In order to actually save the changes when Update is clicked, the update method of the CategoriesController needs to be adjusted slightly.
After the category is loaded, but before the attributes are updated, we'll just inject a quick assignment of the submitted data.
@category.user_whitelist = if params["user_whitelist"].blank?
""
else
params["user_whitelist"].join(",")
end
Restricting access via whitelists
Now that administrators have the ability to add and update category whitelists, we need to update our views in order to disable access to specific content.
The choice to implement a whitelist (as opposed to a blacklist) is to ensure that the default behavior would reflect the standard permissive nature the plugin had before we implemented this change.
Since the default access logic is to allow all unless a whitelist is explicitly defined, we're going to add a blacklisted? method to our category model to help us determine whether a user should be allowed to view the category and its contents.
def blacklisted?(user)
return false if self.user_whitelist.blank?
whitelisted = self.user_whitelist.split(",").include?(user.id.to_s)
!whitelisted
end
Since our categories are configured as nested sets, we'll need to check our whitelists when fetching the root nodes as well as the subsequent children.
In both cases, the code would be modified in a similar fashion.
@categories = @project.categories.where(:parent_id => nil).delete_if { |cat| cat.blacklisted?(User.current) }
The delete_if method is added to the standard category lookup above in order to prune out any content the user doesn't have access to.
Enforcing the whitelist
The content we removed in the previous section only limits non-whitelisted users from seeing the restricted content.

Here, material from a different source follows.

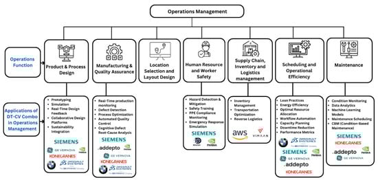 The DT-CV combo is starting to be used in real-world industrial applications. The DT-CV adoption drivers of cost reduction (lowering the redesign costs and need for fewer physical prototypes), shorter time-to-market (faster development cycles), and improved operational agility (DT-CV combo enables real-time monitoring and iterative optimization) can give a competitive edge to the early adopters as they can be more nimble to meet the customer need in a time and cost sensitive market. Figure 4 shows companies adopting this combo in their operational functions. For example, Siemens [], GE Vernova [], Dassault Systèmes, and Konecranes use the DT-CV combo in areas including product and process design, manufacturing, and quality assurance []. Konecranes uses the DT-CV combo in their “Smart Factory,” which helps companies in their daily production and maintenance operations. From a production point of view, important information on machine downtimes and their duration is obtained and then used to address the causes of production disruptions []. Other companies like NVIDIA and Addepto (now part of Grape Up) support process design and improvement, real-time production monitoring, and defect detection [,] through systems enabled by the DT-CV combo. For instance, NVIDIA’s Isaac Sim—built on the Omniverse platform—allows companies like Amazon to generate photorealistic synthetic images for training CV models used in warehouse and factory robotic operations [].

If they were to navigate directly to the URL of a page they weren't supposed to see, that content would still be displayed as there is no logic to prevent them from accessing it.
To prevent unauthorized access to a category, we need to modify the show method of the CategoriesController in order to check whether a user is blacklisted before the page is rendered.
if @category.blacklisted?(User.current)
render_403
return false
end
Note
This can also be enforced by moving the necessary functionality to a separate method and then calling that from before_filter.
If a user tries to access a category they have been denied access to, they will now be presented with a standard access denied message.
The same logic should be applied to the articles contained within categories. If a user tries to access an article directly but the category the article belongs to has a whitelist, the user should be redirected away from the restricted content.
This is accomplished almost identically to how CategoriesController was modified, but in this case, we'll update the show method of ArticlesController.
if @article.category.blacklisted?(User.current)
render_403
return false
end
The example that is provided here is meant to illustrate how a basic content-specific access control layer can be implemented using as much of Redmine's internals as possible.
If this method is going to be used in production systems where sensitive information needs to be protected in a more granular fashion, a couple of deficiencies need to be listed as they were glossed over:
· This example does not validate siblings or parents in the hierarchy when rendering the category tree
· This example doesn't limit Redmine search results based on whitelist membership
Summary
Restricting access to various content areas and limiting what users can do with existing content are the primary functions of Redmine's permission system.
In this chapter, we learned how Redmine manages permissions, how we can add our own controllers and actions to a permissions list, and how to enforce these permissions in our views.
We also explored a case study and provided a whitelist approach to restricting content in a more granular fashion than Redmine provides in its core libraries.
In the next chapter, we'll be adding file attachments to our plugin's models.